• _Task material_:
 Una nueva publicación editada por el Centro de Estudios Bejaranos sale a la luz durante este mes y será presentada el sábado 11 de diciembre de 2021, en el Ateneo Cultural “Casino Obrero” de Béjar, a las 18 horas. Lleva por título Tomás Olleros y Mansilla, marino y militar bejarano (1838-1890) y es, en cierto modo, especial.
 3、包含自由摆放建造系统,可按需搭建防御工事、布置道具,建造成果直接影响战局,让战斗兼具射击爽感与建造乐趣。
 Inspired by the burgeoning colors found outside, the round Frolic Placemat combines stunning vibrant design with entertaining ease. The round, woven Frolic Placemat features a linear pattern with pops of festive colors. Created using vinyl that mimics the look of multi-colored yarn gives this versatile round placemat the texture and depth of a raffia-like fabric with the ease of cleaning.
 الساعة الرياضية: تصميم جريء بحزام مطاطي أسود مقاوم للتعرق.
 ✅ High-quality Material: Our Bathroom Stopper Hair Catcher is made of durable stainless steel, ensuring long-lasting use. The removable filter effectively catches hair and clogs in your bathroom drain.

* * *

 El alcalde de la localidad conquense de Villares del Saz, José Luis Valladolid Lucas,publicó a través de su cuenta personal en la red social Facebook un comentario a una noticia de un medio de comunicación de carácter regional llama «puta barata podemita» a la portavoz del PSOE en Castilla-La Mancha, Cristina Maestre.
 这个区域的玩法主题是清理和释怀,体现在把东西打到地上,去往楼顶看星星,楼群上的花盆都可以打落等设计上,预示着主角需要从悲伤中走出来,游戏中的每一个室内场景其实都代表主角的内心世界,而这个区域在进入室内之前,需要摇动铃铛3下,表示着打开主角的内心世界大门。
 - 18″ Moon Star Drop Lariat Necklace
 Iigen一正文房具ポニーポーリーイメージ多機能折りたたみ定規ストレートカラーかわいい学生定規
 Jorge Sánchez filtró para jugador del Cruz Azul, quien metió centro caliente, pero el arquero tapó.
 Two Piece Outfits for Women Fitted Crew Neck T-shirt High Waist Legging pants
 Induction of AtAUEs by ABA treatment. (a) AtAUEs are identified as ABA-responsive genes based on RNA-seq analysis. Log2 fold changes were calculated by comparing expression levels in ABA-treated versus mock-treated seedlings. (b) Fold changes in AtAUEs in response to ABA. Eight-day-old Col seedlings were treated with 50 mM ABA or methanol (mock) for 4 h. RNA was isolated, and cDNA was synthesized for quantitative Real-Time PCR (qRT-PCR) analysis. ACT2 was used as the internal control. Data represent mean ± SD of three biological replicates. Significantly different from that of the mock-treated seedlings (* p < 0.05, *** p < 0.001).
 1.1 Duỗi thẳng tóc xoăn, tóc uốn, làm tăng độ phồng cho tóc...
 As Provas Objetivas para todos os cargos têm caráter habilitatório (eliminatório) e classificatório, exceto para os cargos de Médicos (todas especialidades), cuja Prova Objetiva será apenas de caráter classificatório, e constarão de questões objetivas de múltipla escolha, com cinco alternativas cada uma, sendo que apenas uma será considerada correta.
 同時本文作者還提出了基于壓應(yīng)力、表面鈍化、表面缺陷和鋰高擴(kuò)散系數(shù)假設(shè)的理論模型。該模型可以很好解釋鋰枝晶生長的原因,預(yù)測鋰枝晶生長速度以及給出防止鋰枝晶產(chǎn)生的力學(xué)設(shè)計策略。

--

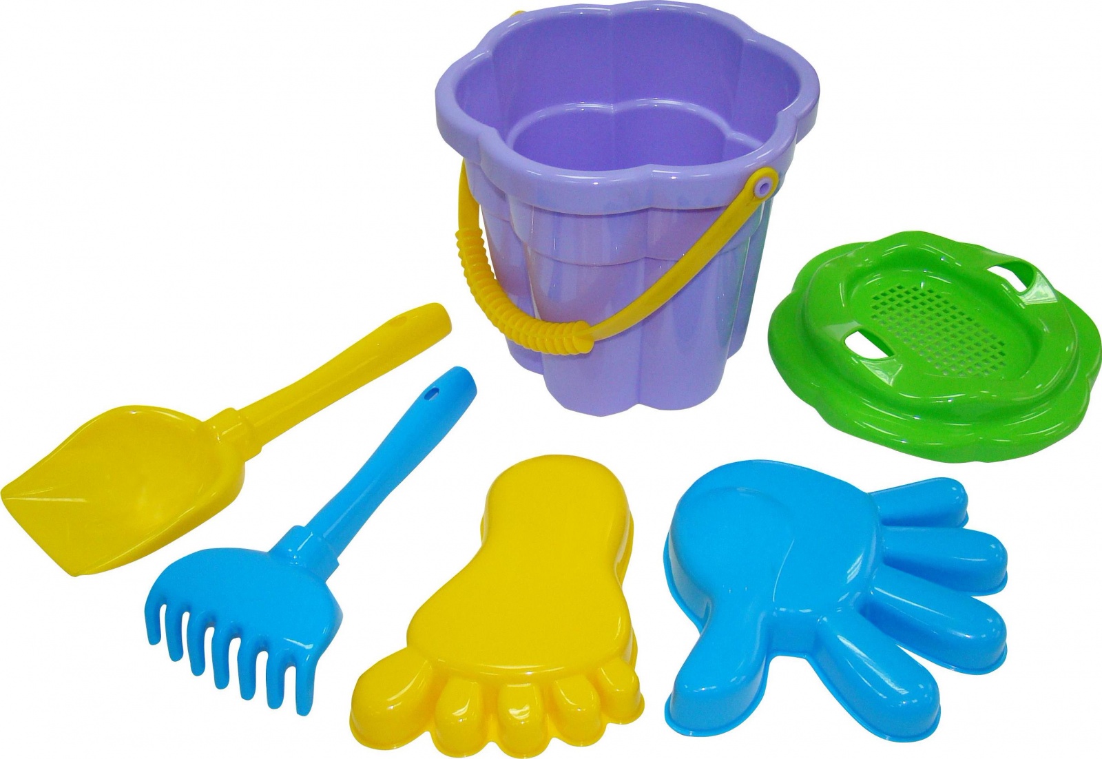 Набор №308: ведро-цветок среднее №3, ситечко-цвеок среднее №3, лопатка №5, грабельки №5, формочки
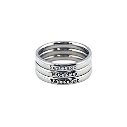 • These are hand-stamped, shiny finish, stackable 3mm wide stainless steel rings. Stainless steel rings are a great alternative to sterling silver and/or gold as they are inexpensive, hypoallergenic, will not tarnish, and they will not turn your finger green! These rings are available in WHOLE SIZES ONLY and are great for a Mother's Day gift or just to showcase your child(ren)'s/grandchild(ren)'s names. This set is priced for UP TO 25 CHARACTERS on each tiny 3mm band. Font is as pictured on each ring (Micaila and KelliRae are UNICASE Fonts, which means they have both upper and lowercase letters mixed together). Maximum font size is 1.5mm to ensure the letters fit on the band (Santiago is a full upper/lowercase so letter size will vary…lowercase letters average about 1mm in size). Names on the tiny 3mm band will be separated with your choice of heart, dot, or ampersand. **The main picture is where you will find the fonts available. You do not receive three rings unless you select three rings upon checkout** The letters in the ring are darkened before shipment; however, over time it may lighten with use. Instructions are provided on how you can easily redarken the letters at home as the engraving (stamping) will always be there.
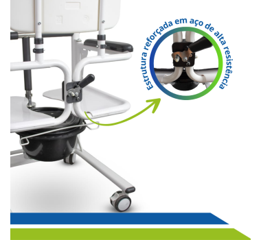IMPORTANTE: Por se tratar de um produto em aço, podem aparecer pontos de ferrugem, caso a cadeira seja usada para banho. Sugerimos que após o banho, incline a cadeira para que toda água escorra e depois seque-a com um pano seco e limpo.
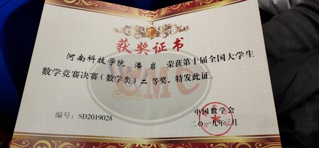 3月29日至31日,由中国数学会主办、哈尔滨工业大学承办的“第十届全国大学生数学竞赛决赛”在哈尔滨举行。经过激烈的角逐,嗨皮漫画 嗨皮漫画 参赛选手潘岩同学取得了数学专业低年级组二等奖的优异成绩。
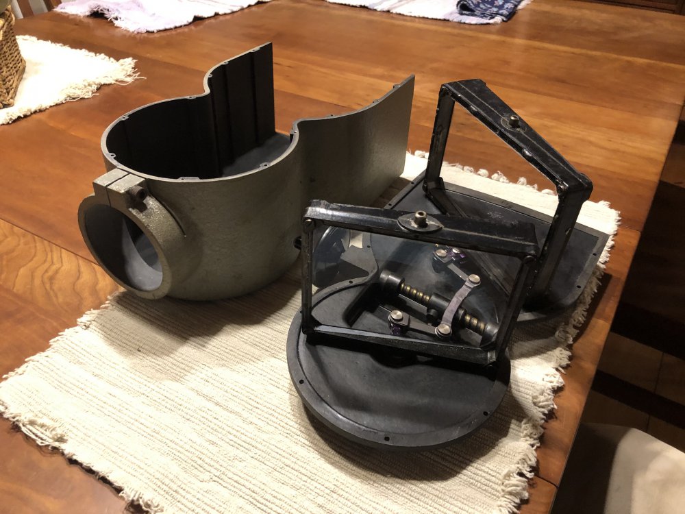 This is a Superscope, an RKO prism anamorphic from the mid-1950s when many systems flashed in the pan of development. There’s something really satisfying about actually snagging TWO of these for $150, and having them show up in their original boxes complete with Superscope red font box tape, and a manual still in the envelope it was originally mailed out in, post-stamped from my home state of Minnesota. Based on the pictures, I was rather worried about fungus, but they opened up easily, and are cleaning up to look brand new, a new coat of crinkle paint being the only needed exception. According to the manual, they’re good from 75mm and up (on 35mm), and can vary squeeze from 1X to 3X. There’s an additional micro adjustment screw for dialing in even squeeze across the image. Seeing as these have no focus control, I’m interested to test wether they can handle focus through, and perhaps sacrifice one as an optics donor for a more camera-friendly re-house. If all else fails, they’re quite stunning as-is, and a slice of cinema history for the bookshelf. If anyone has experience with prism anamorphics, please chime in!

• _About this task_: Some lines of the material above contain the string "será". Please state how many, giving the number alone.

• _Written response_: 2